Prevent accidental backwards publishing of latest


(Rhys Arkins) #1

npm’s current behaviour is that any stable semver that’s published without an explicit tag will become latest. This is non-intuitive to many and leads to situations such as:

  • Package author updates from 1.4.0 to 2.0.0 and 2.0.0 becomes latest (expected)
  • Package author publishes 2.0.1 which becomes new latest (expected)
  • Package author backports the fix and publishes 1.4.1, and it takes over as latest (unexpected)

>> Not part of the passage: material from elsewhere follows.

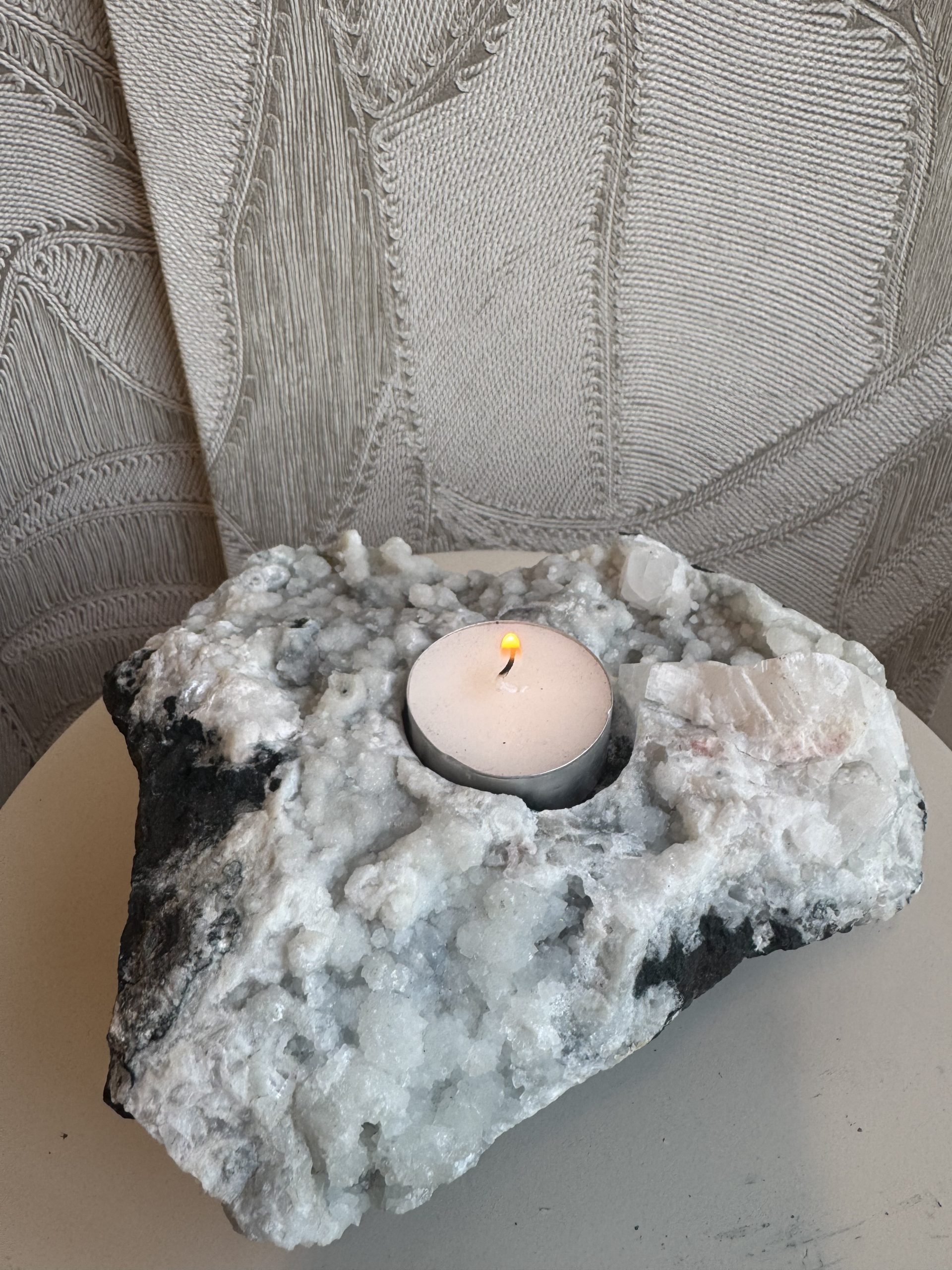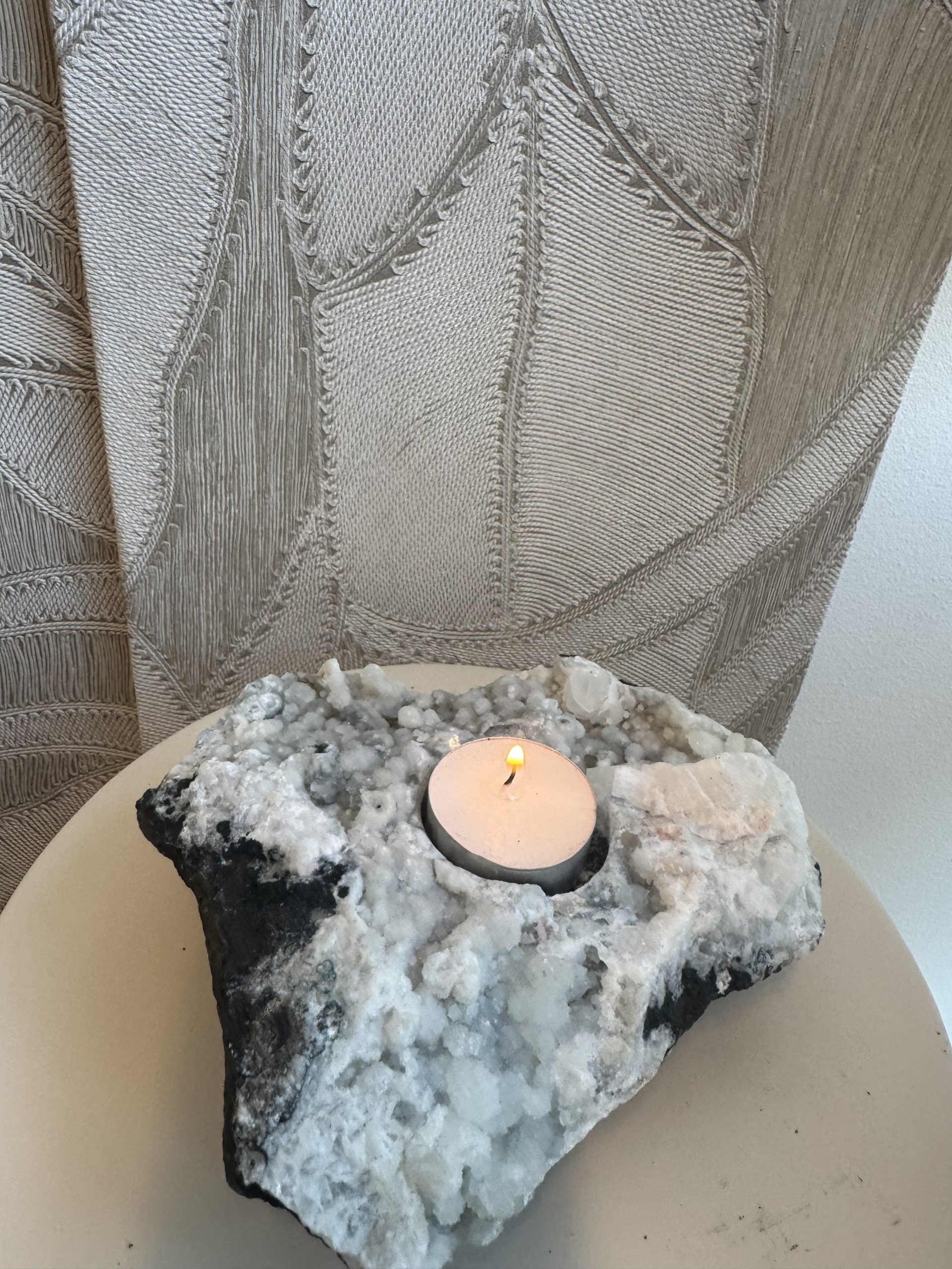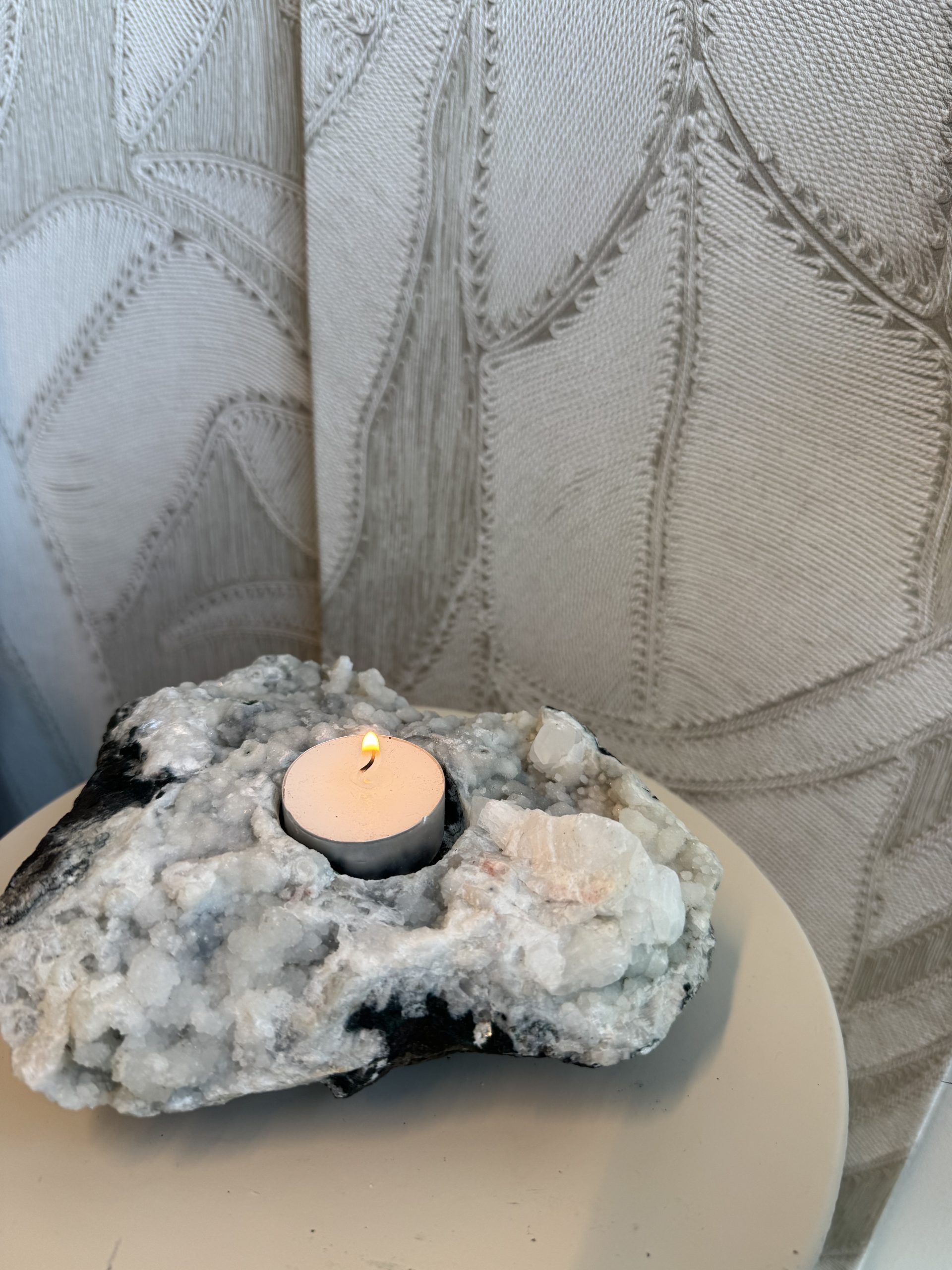Deze theelichthouder van calciet met kwarts straalt warmte en rust uit.

I think this problem could be prevented if npm publish is enhanced to detect if a publish would result in “lower” semver latest version and either (a) warns the user via CLI feedback, like with OTP, or (b) rejects the publish with an error message, and the user has to run it with a --tag, e.g. npm publish --tag latest if they really do with to roll back latest, or npm publish --tag 1.x for example if they wish to avoid this accident.

Or in summary:

  • Running npm publish for a version that is less than the currently tagged latest should be rejected unless --tag is explicitly provided

(Mark) #2

Omg YES! I cannot tell you how many times in the early days of npm where I’ve accidentally ran into the third scenario you’ve described. I’ve since learned but I’m sure this is likely to happen to plenty of others. And the worse part is that once the mistake happens, the publisher wont immediately notice the unintended behavior until its too late. I cant think of any reason why a publisher would ever want an older version of a package marked as latest.


(Qix) #3

Further, setting dist-tag seems to lag quite a bit.